Social control is a concept within the disciplines of the social sciences. Social control is described as a certain set of rules and standards in society that keep individuals bound to conventional standards as well as to the use of formalized mechanisms. The disciplinary model was the forerunner to the control model.

History of the term 
The term "social control" was first introduced to sociology by Albion Woodbury Small and George Edgar Vincent in 1894; however, at the time, sociologists only showed sporadic interest in the subject.

Some social philosophers have played a role in the development of social control such as Thomas Hobbes in his work Leviathan that discusses social order and how the state exerts this using civil and military power; as well as Cesare Beccaria's On Crimes and Punishments that argues that people will avoid criminal behavior if their acts result in harsher punishment, stating that changes in punishment will act as a form of social control. Sociologist Émile Durkheim also explored social control in the work The Division of Labour in Society and discusses the paradox of deviance, stating that social control is what makes us abide by laws in the first place.

Society uses certain sanctions to enforce a standard of behavior that is deemed socially acceptable.
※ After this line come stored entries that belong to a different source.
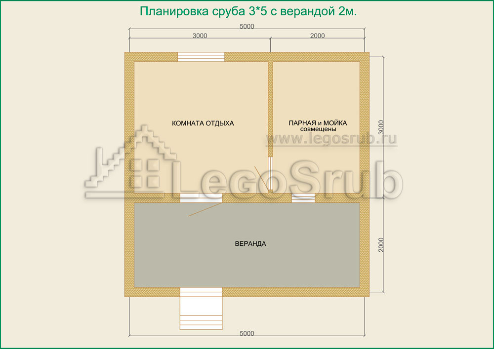 Вагонка на потолок толщина 20 (мм.) -500 (руб/м²) Дверь деревянная на иглицах с коробкой без фурнитуры и монтажа размер: 1750х750 -3800 (руб/шт.) Окно двойное без стекла, фурнитуры и монтажа размер: 500х500 -1500 (руб/шт.) (пиломатериалы и столярные изделия - естественной влажности.) Планировка:На стадии планировки сруба для бани обычно всех беспокоит множество вопросов. Делать ли парную и моечную отдельно, где и как расположить двери и окна, сколько комнат будет в срубе?..Не беспокойтесь!!! Наши специалисты всегда ответят на волнующие Вас вопросы, помогут принять оптимальное решение. Планировка будет происходить под Вашим руководством. Размещение внутренней перегородки, размер помещений, даже расположение будущих окон и дверей сможете выбрать Вы сами. А мы постараемся помочь Вам в этом нелегком выборе. Ниже представлены чертежи, наиболее популярных планировок для бань размера 3*5.
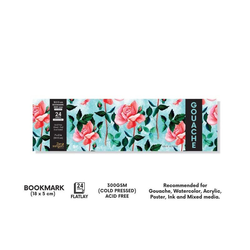 Zen Sangam Artists’ - Bookmark Gouache Glued Sketch Paper Pad - 300 GSM - Cold Pressed - (24 Sheets) - Rough Grain Surface - Size (18x5cm) - Gouache Book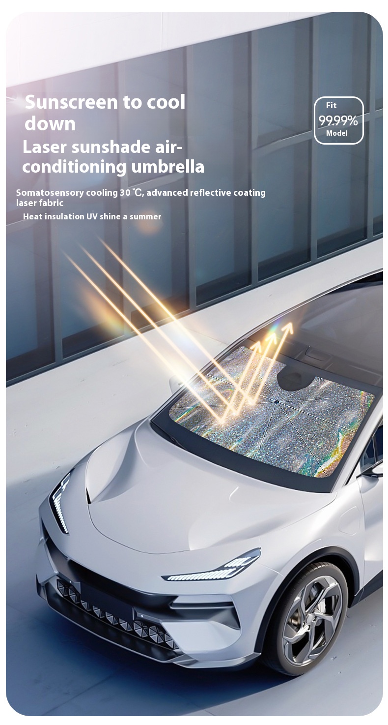 • Chameleon Foldable Car Front Windshield Sunshade Umbrella UV-Reflective Laser Car Sunshade Cover Colorful Heat Insulation Silver Gel Windscreen Car Sunscreen with 360 Rotatable Handle
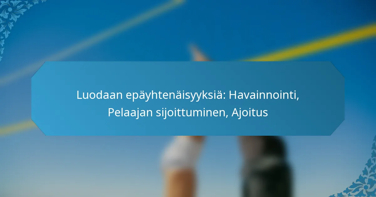 Havainnointi on ratkaisevan tärkeää epäyhtenäisyyksien luomisessa pelissä, sillä se mahdollistaa pelaajien tunnistaa mahdollisuuksia ja hyödyntää vastustajien heikkouksia. Analysoimalla tarkasti pelaajien sijoittamista ja ajoitusta joukkueet voivat parantaa kokonaissuoritustaan ja saada kilpailuetua.
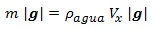 A su vez, el volumen de agua desplazada se despeja de la fórmula de la densidad: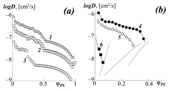 An analysis of the concentration dependences of the interdiffusion coefficients showed that, when going from PS-1 to PS-2, its translational mobility in the PBA matrix significantly decreases (the numerical value of logD at φPS = 0.1 decreases from −6.4 to −7.1). In this case, the concentration dependence of the diffusion coefficient for the PBA–PS-2 system has a discontinuous character when approaching the region of phase decomposition of the system. The dependences for the diffusion of PS-1 into the matrix of various acrylates look similar (Figure 9b). Upon transition in the homologous series PBA → PEA → PMA (curves 1, 5, and 6, respectively), one can observe a decrease in the numerical values of logD by two orders of magnitude. There is also noticeable inflection and discontinuity of the curves at concentrations near the binodal curves (marked with a dashed line). It is interesting to note that up to φPS = 0.3, the PEHA–PS-1 system (curve 4) shows the same logD values and the same character of the curve as the PBA–PS-1 system (curve 1). At φPS > 0.3, instead of a monotonic decrease in the diffusion coefficient, as in the case of PBA, we see its sharp drop for PEHA in front of the binodal curve.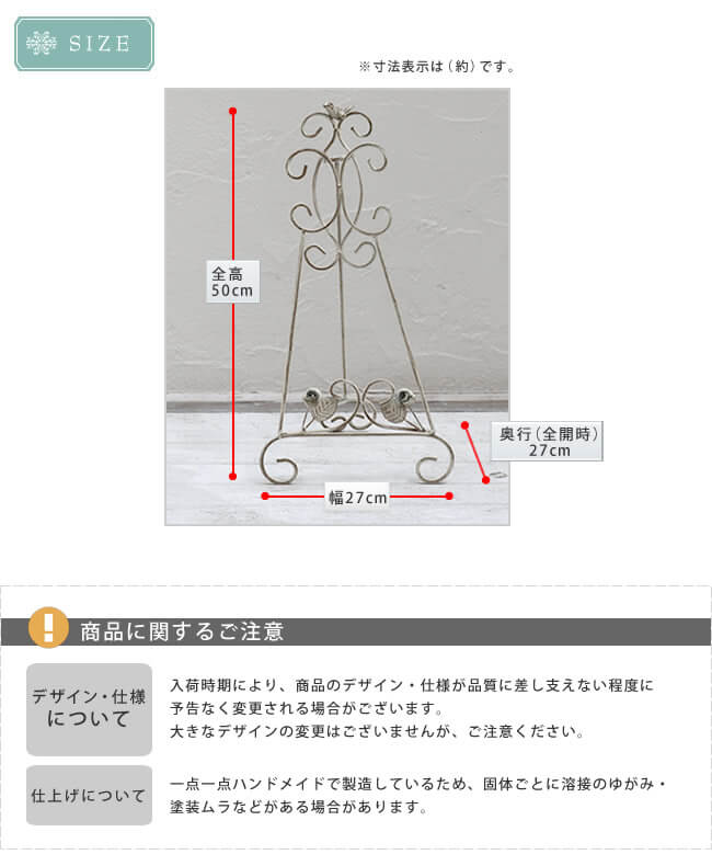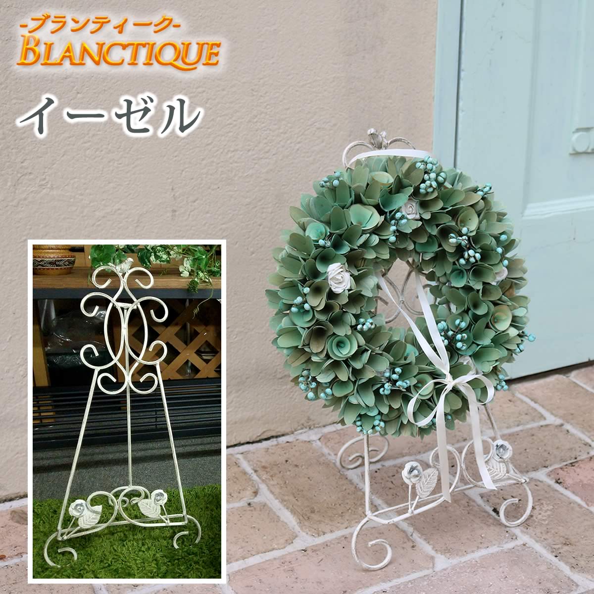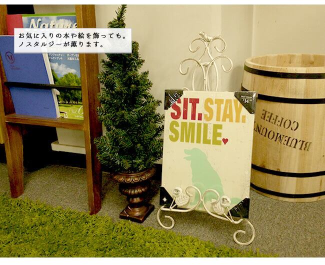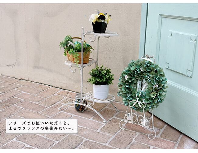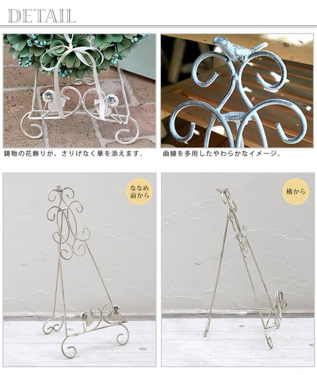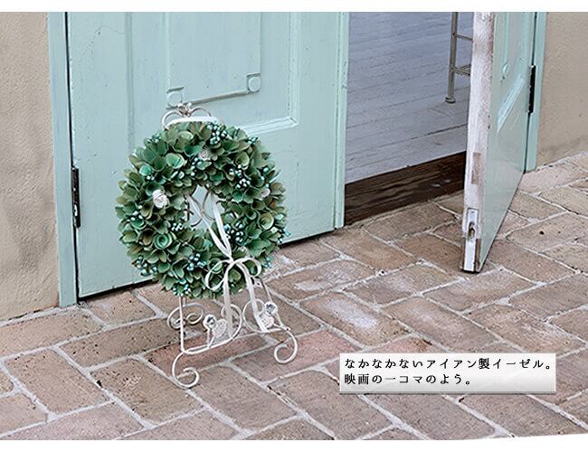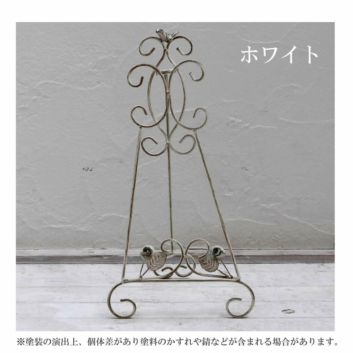 なじみやすい清潔感のあるオフホワイトと、気品あるシャビー感が絶妙にミックスされたホワイトアイアンイーゼルです。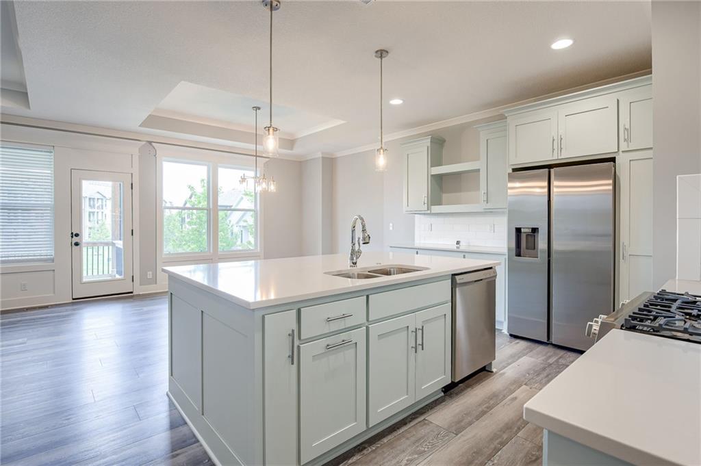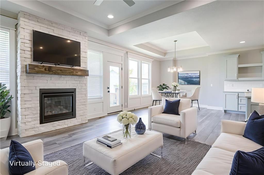 STUNNING Stand Alone Villa, Reverse 1 1/2 Story. "The Estes" by Lambie Grand LLC features 3 bedrooms, 3 baths, 2 car garage. First Floor has Primary Suite, 2nd Bedroom, 2nd Full Bath, Laundry/Mud Room, Great Room, Dining Room. Custom Kitchen with spacious Walk-in Pantry, Stainless Appliances, and Tray Ceilings. Hardwood floors in Entry, Great Room, Dining Room, and Kitchen. Lower Level has 3rd Bedroom, Large Rec Room, 3rd Full Bath, Optional 4th Bedroom, and plenty of storage. Covered Back Patio! Maintenance provided! Award winning Blue Valley School District!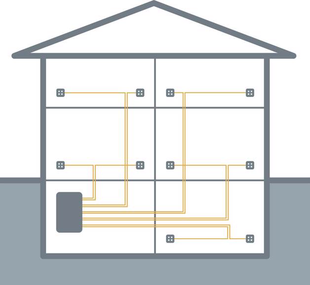 L’installazione di una rete multimediale dipende interamente dalle esigenze dei residenti. La dotazione di base comprende il montaggio di una scatola di distribuzione centrale, da cui i cavi a stella vengono portati nelle varie stanze. Le corrispondenti prese multimediali assicurano l’accesso a Internet, telefono e radio. In questo modo la casa è attrezzata perfettamente per le tendenze in rapida evoluzione della moderna comunicazione. Ed è anche estremamene flessibile se le esigenze mutano.

Individuals and institutions utilize social control to establish social norms and rules, which can be exercised by peers or friends, family, state and religious organizations, schools, and the workplace. The goal of social control is to maintain order in society and ensure conformity in those who are deemed deviant or undesirable in society.

Sociologists identify two basic forms of social control:
 Informal means of control – Internalization of norms and values by a process known as socialization, which is "the process by which an individual, born with behavioral potentialities of enormously wide range, is led to develop actual behavior which is confined to the narrower range of what is acceptable for him by the group standards".<ref>Lindzey, Gardner (Ed), (1954). ':/Handbook of social psychology. I. Theory and method. II. Special fields and applications (2 vols), (pp. II, 655–692). Oxford, England: Addison-Wesley Publishing Co., xx, 1226 pp.</ref>
 Formal means of social control – External sanctions enforced by government to prevent the establishment of chaos or anomie in society. Some theorists, such as Émile Durkheim, refer to this form of control as regulation.

As briefly defined above, the means to enforce social control can be either informal or formal. Sociologist Edward A. Ross argues that belief systems exert a greater control on human behavior than laws imposed by government, no matter what form the beliefs take.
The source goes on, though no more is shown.